CUDA Running out of memory after a few batches in an epoch

This is my training function:

def train():

  device = torch.device('cuda') if torch.cuda.is_available() else torch.device('cpu')
  model.to(device)
  model.train()
  optim = torch.optim.AdamW(model.parameters(), lr=5e-5)

  for epoch in range(10):
      with tqdm(dataloader, unit=" batch", leave=True, position=0) as tepoch:
        for i, data in enumerate(tepoch):
            inputs = tokenizer(data['text'], padding=True, truncation=True, return_tensors='pt')
            lm_labels = inputs['input_ids'].to(device)
            sarcasm_labels = data['label'].to(device)
            masked_tokens = mask_inputs(inputs['input_ids']).to(device)
            attention_mask = inputs['attention_mask'].to(device)
            
            outputs = model(masked_tokens, attention_mask=attention_mask, labels=lm_labels, next_sentence_label=sarcasm_labels)

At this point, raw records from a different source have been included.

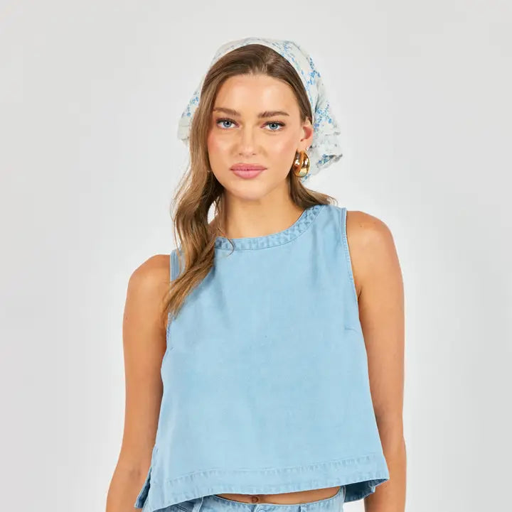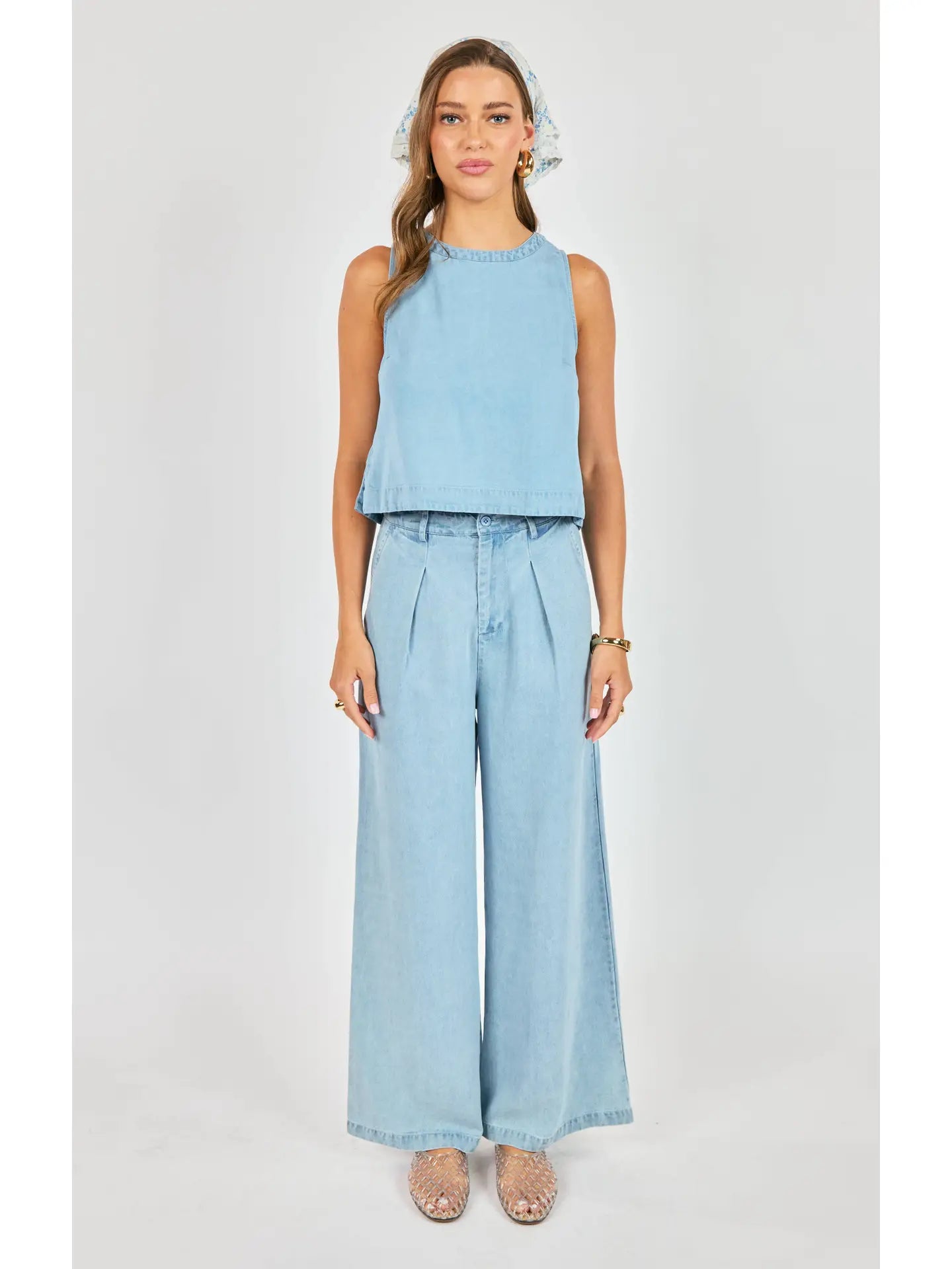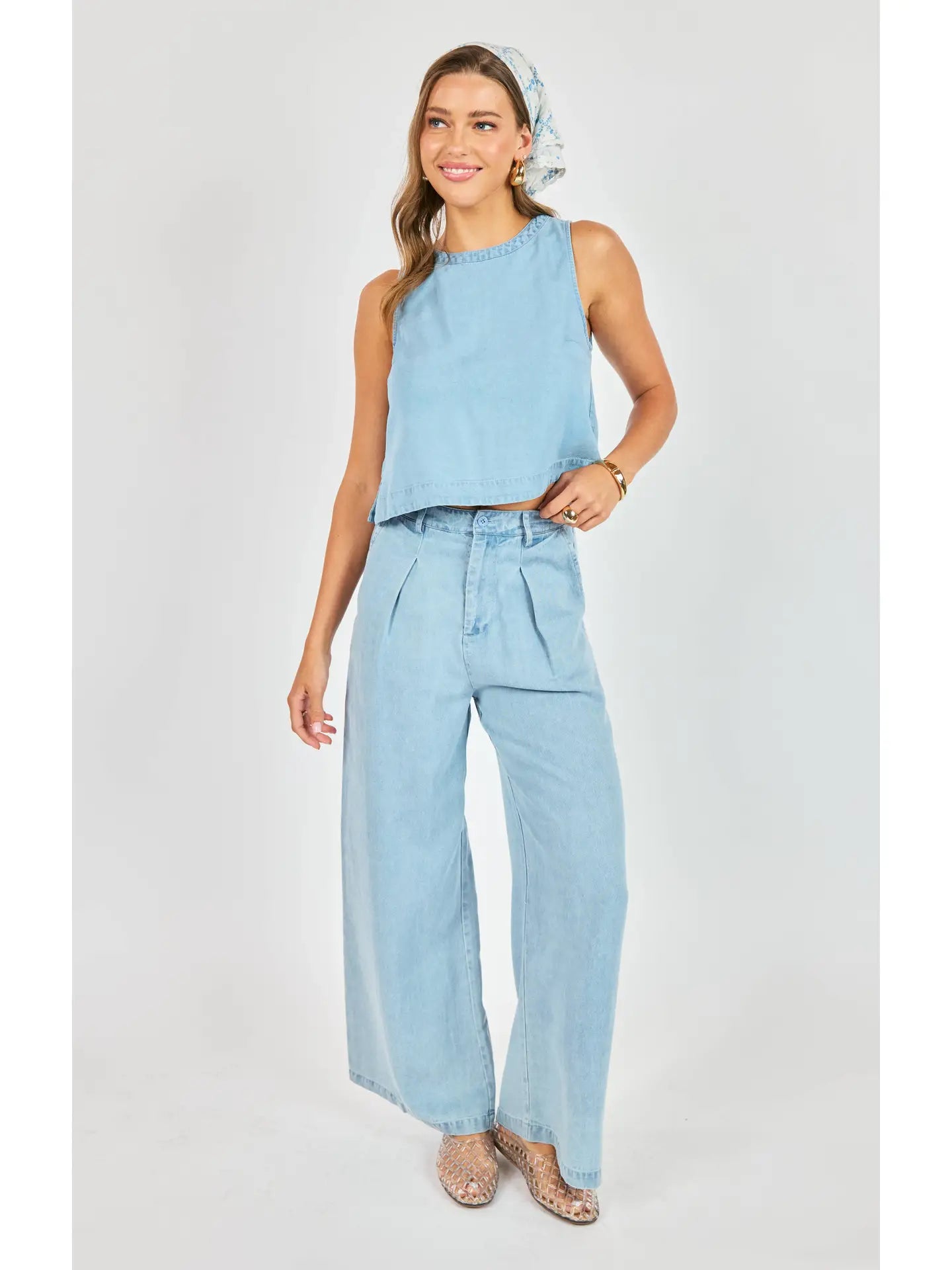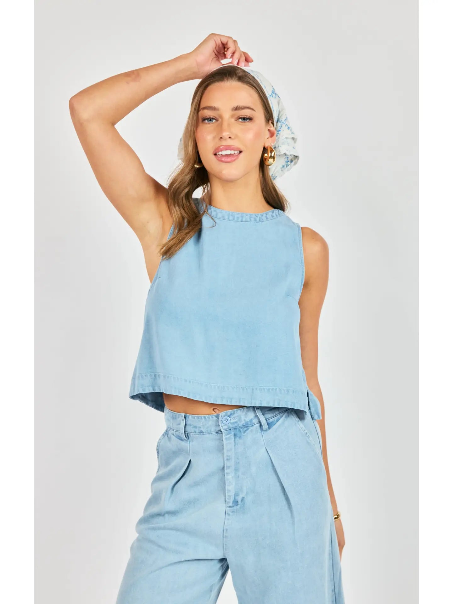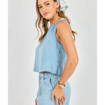 The Sadie & Sage It’s Pouring Sleeveless Chambray Crop Top is the perfect blend of effortless style and modern denim-inspired charm. Designed in a soft light chambray fabric, this sleeveless cropped silhouette features a clean high neckline and relaxed drape for a polished yet easy everyday look.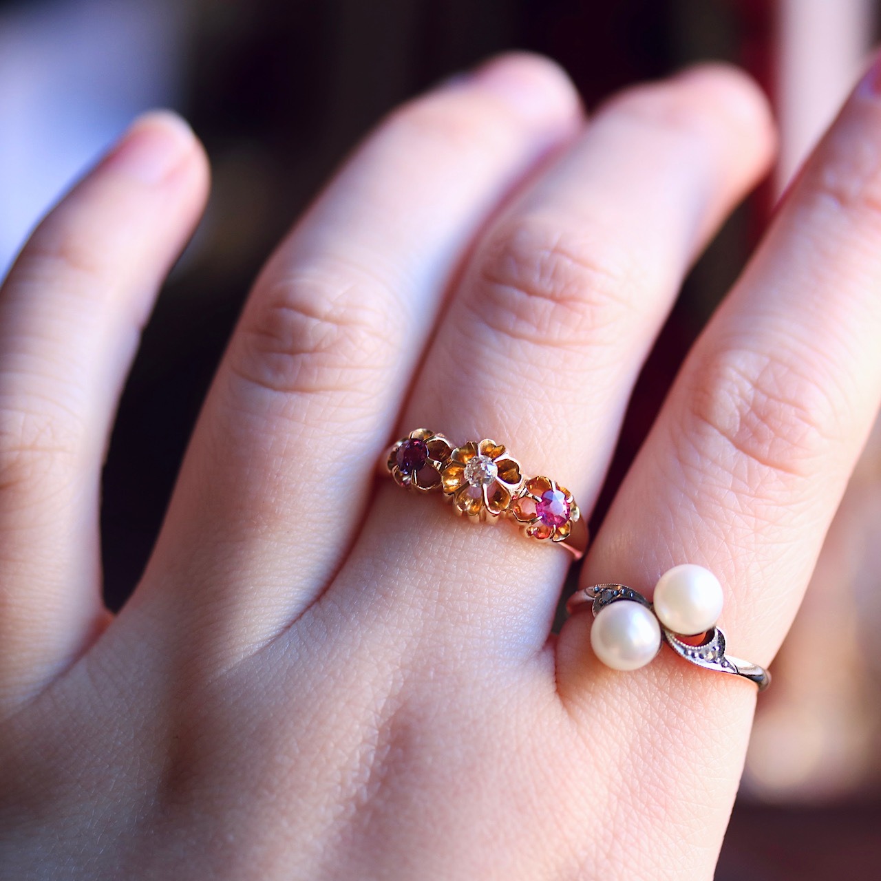 左右のルビーにはやや色味の違いがあり、チェリーピンクとパープリッシュピンクの鮮やかな発色の石がセッティングされています。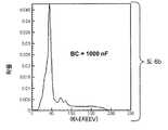 각각의 바이어스 RF 전력 펄스 동안 플라즈마 전위 증가 레이트는 플라즈마 내의 IEADF에 대응하는 영향을 갖는다. 따라서, 차단 커패시터 (BC) 의 커패시턴스 설정의 변화들은 플라즈마 내의 IEADF의 변화들에 대응한다. 따라서, 차단 커패시터 (BC) 는 플라즈마 내의 IEADF를 제어하도록 사용될 수 있다. 이러한 효과는 각각 도 4a, 도 5a, 및 도 6a의 펄스드 바이어스 RF 전력 동작들에 대응하는 도 4b, 도 5b, 및 도 6b에 예시된다. 도 4b는 본 발명의 일 실시예에 따라, 100 ㎋의 차단 커패시터 (BC) 커패시턴스 설정으로, 도 4a의 펄스드 바이어스 RF 전력 동작에 대응하는 플라즈마 내의 이온 에너지 분포 함수를 도시한다. 도 5b는 본 발명의 일 실시예에 따라, 500 ㎋의 차단 커패시터 (BC) 커패시턴스 설정으로, 도 5a의 펄스드 바이어스 RF 전력 동작에 대응하는 플라즈마 내의 이온 에너지 분포 함수를 도시한다. 도 6b는 본 발명의 일 실시예에 따라, 1000 ㎋의 차단 커패시터 (BC) 커패시턴스 설정으로, 도 6a의 펄스드 바이어스 RF 전력 동작에 대응하는 플라즈마 내의 이온 에너지 분포 함수를 도시한다.The rate of plasma potential increase during each bias RF power pulse has a corresponding effect on the IEADF in the plasma. Accordingly, changes in the capacitance setting of the blocking capacitor BC correspond to changes in the IEADF in the plasma. Thus, the blocking capacitor BC can be used to control the IEADF in the plasma. This effect is illustrated in FIGS. 4B, 5B, and 6B corresponding to the pulsed bias RF power operations of FIGS. 4A, 5A, and 6A, respectively. FIG. 4B illustrates the ion energy distribution function in the plasma corresponding to the pulsed bias RF power operation of FIG. 4A with a blocking capacitor (BC) capacitance setting of 100 nA, in accordance with an embodiment of the present invention. FIG. 5B shows the ion energy distribution function in the plasma corresponding to the pulsed bias RF power operation of FIG. 5A with a blocking capacitor (BC) capacitance setting of 500 ㎋, in accordance with an embodiment of the present invention. 6B illustrates the ion energy distribution function in the plasma corresponding to the pulsed bias RF power operation of FIG. 6A with a blocking capacitor (BC) capacitance setting of 1000 ㎋, in accordance with an embodiment of the present invention.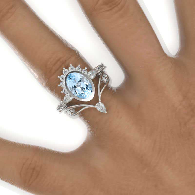 3 Carat Oval Genuine Natural Aquamarine Bezel Set Engagement Ring Eternity Ring Set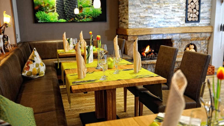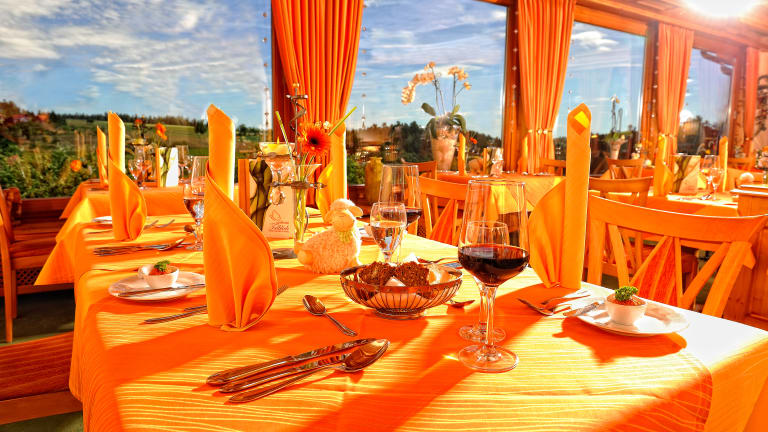 Stilvolles Panorama-Restaurant, Romantisches Kaminzimmer, Gemütliche Kachelofen-Lounge mit Bar, Frühstücksbüffet, Terrassenwirtschaft - alles ebenerdig zu erreichen. Regionale Heimatküche aus dem Naturpark Schwarzwald und internationale Spezialitäten bietet unser Küchenteam. Verschiedene Ernährungsformen wie vegetarische,-glutenfreie,- laktosefrei und basische Kost werden angeboten. (bei Bekanntgabe bei der Buchung)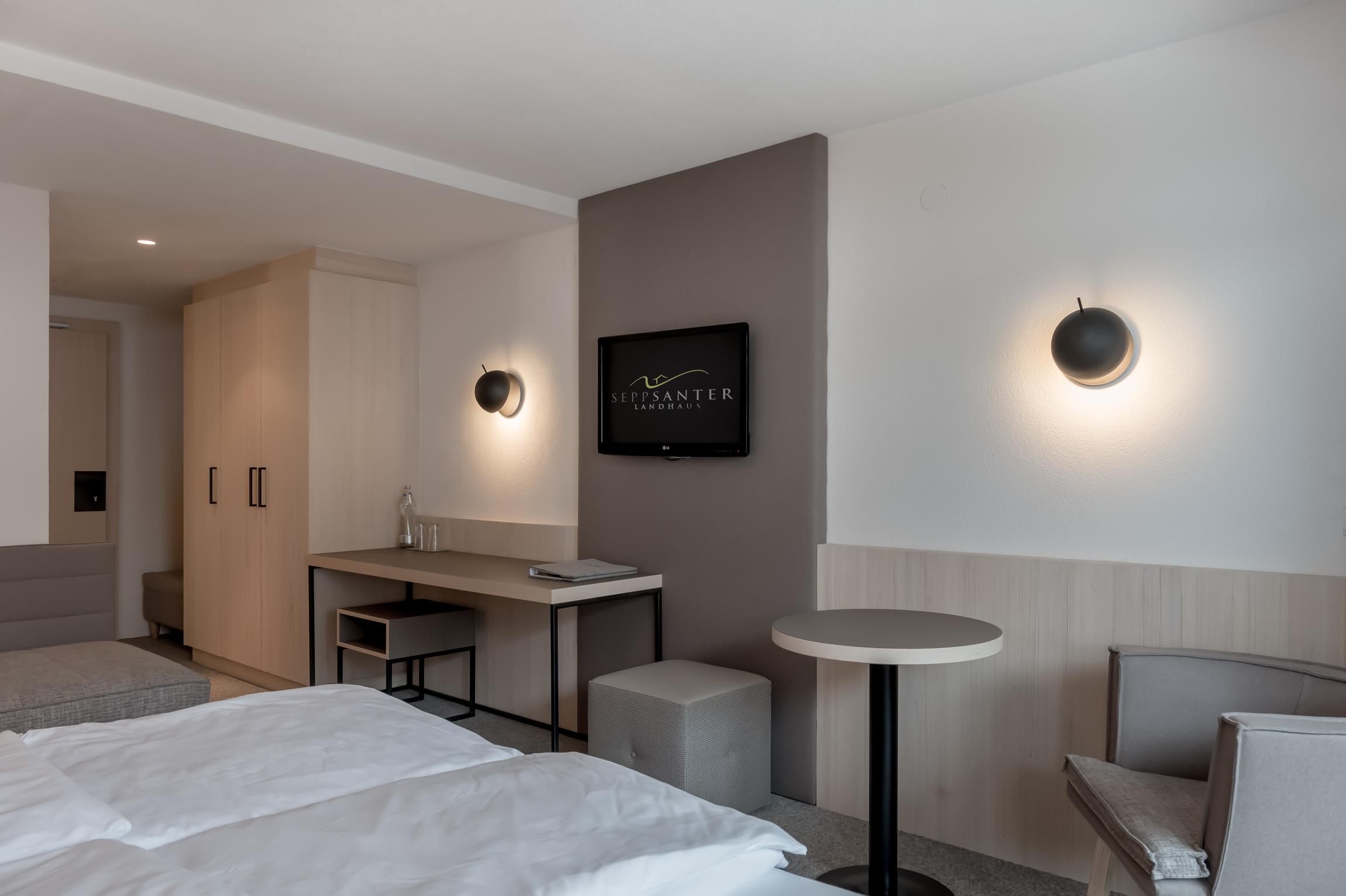 Schlafzimmer mit Doppelbett und Couch für 3. Person, gemütliche Sitzecke, Badezimmer mit Dusche/WC und Haarföhn

            optim.zero_grad()
            # extract loss
            loss = outputs.loss
            # calculate loss for every parameter that needs grad update
            loss.backward()
            # update parameters
            optim.step()
            # print relevant info to progress bar
            tepoch.set_description(f'Epoch {epoch}')
            tepoch.set_postfix(loss=loss.detach().item())
            torch.cuda.empty_cache()

The training begins fine, however after a few batches in the first epoch itself, I get the Runtime Error of Cuda being out of memory.
The model is a Huggingface BertForPretraining Model.
Can someone help me with this?

Edit: For some reason, if I reduce the size of my Dataset, the problem is solved, but I cannot figure out why this is the case.

This might point to a memory increase in each iteration, which might not be causing the OOM anymore, if you are reducing the number of iterations.
Check the memory usage in your code e.g. via torch.cuda.memory_summary() or torch.cuda.memory_allocated() inside the training iterations and try to narrow down where the increase happens (you should also see that e.g. loss.backward() reduces the memory usage).